Frequently asked questions

Do I need to install Prometheus on GKE?

No. GKE includes Managed Service for Prometheus (GMP), which handles Prometheus-format metric collection without you running or operating a Prometheus server. You create PodMonitoring resources to define what to scrape, and GMP handles collection, storage in Cloud Monitoring, and PromQL querying.

What is the difference between system metrics and Prometheus metrics in GKE?

System metrics are emitted by GKE automatically under the kubernetes.io/ namespace: pod CPU usage, memory usage, restart counts.
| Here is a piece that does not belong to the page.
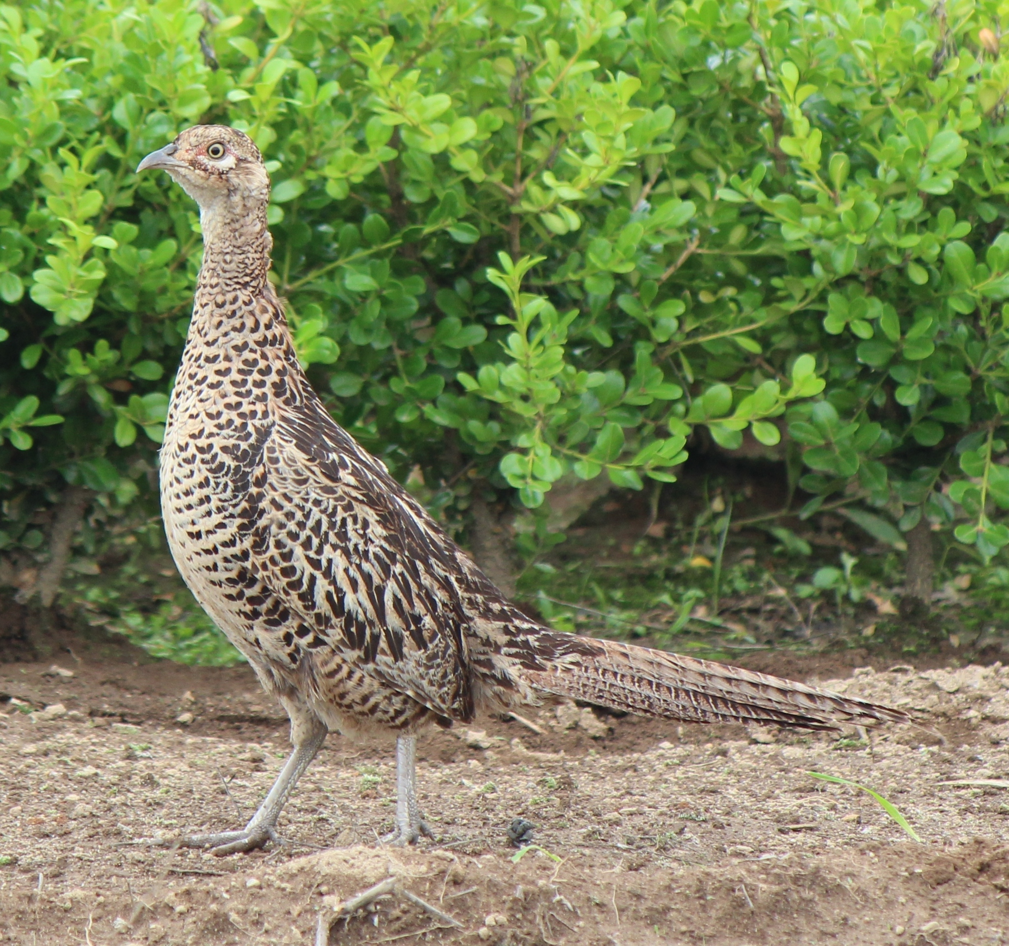 Phasianus versicolor (Green Pheasant, Phasianus colchicus versicolor), female in Japan

Prometheus metrics are application-level metrics your code exposes in Prometheus format on a /metrics endpoint. Managed Service for Prometheus collects the latter. Both end up queryable in Cloud Monitoring.

What should I alert on first in GKE?

Start with three alerts: pod restart count increasing unexpectedly (catches CrashLoopBackOff early), node allocatable memory utilization above 85% (predicts eviction before it happens), and OOM kill events from logs (signals containers hitting their memory limit). These three cover the most common GKE production failures.

How do I check pod CPU and memory usage quickly?

Run kubectl top pods -n NAMESPACE to see current CPU and memory for all pods in a namespace. Run kubectl top nodes for node-level usage. Both commands use the Metrics Server, which GKE enables by default on all cluster types.

Do I need different monitoring for Autopilot vs Standard GKE?

The core setup is the same. Cloud Monitoring system metrics and Managed Service for Prometheus work on both. The key difference is that Autopilot manages nodes for you, so node-pressure alerting matters less. On Autopilot clusters, focus on pod and workload metrics. On Standard clusters, node allocatable utilization and node pool capacity deserve dedicated alerts.

Last verified: 25 March 2026 Cloud services change frequently. Verify details against official documentation before making infrastructure decisions.